The words of iFocus’ Theresa Cunnington to Computerworld Today should ring with an echo of truth as you go, “yeah.I do hate those stupid Flash ads that block me from reaching the content I seek.”

So why would any Webmaster seek to frustrate the visitor from the outset? Maybe its because the surfer has gotten savvier to advertising tricks and is harder to nail down. After all, as Cunnington also points out, surfers are demonstrating “right-column blindness,” conditioned to understand that’s where the advertising is. Again, we say to Ms. Cunnington, “oh yeahI do have a tendency to overlook that part.”

But that’s a dilemma, now isn’t it? How do you get their attention without being as invasive as a telemarketer, or worse, a timeshare punter. The experience with your product should be a positive one, which means:

1. don’t tick people off
2. don’t continue ticking people off
3. be clever at marketing while not making the consumer work to avoid you

While its difficult to delineate an exact strategy for online marketing and web design in a single article, or a single book for that matter (there are so many creative possibilities), outlining a few things to avoid is a bit easier.

Remove Barriers

As mentioned earlier, Flash ads blocking entry to website content are of little use if nobody watches them. Plus, people find them annoying and may become annoyed enough to push the back button and find another site.

How do you feel about ads that pop up right over content just as you finish reading the first sentence? Hate’em don’cha? Visitors do too.

83% of users surveyed dislike registration log-on pages blocking free content

83% of users find slow-loading pages an annoyance (reconsider musical and flash intros)

Hobbits Like Reading What They Already Know

Nothing’s more frustrating than getting to a site where you know the information you need exists, but you can’t bloody find it. Sites that are difficult to navigate become another barrier to content, but they also ask the visitor to do more work than they may be willing to do. They know how most websites work, and now they have to learn a whole new way to navigate. Chances are they don’t like it one bit.

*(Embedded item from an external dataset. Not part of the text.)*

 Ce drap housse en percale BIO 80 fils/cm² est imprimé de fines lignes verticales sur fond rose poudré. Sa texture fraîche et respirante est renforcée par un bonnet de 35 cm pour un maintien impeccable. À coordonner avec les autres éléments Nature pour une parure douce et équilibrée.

Most of these concepts, and the ones that come after this one, have to do with functionality and ease of use.

89% don’t like installing extra software
80% are annoyed by ineffective site-search tools

Keep Track of Your Linkin’ Logs

Adding to what iFocus calls “leap of faith’ links, links that are unclear as to where they lead or the file size of what they link to, we can add the problem of broken links (links that lead nowhere), reciprocal links (links that take you back to where you started), and dummy links (links to irrelevant or misleading content).

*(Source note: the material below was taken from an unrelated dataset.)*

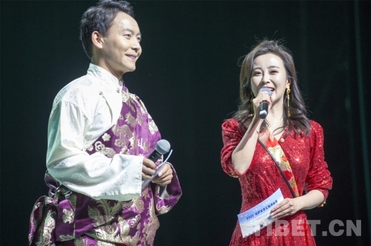 圖為《拉薩情》文藝匯演現(xiàn)場(chǎng)主持人開場(chǎng) 攝影:楊月云

Your Visitors Have the Attention Span of a 4-Year-Old

You still there? Keep it short. Keep it simple. Don’t use bells and whistles that distract from the main content.

Look to Those Who Succeed

A recent Harris Interactive study found that carmakers Cadillac and Jeep were at the top of the list for overall web visitor satisfaction. The factors to make that determination should make you see REDD:

Reliability
Ease of navigation
Design
Discovery speed

You’ll also notice with the Cadillac and Hummer sites that they are eye-pleasing, clean, and easy to understand – just like your favorite date.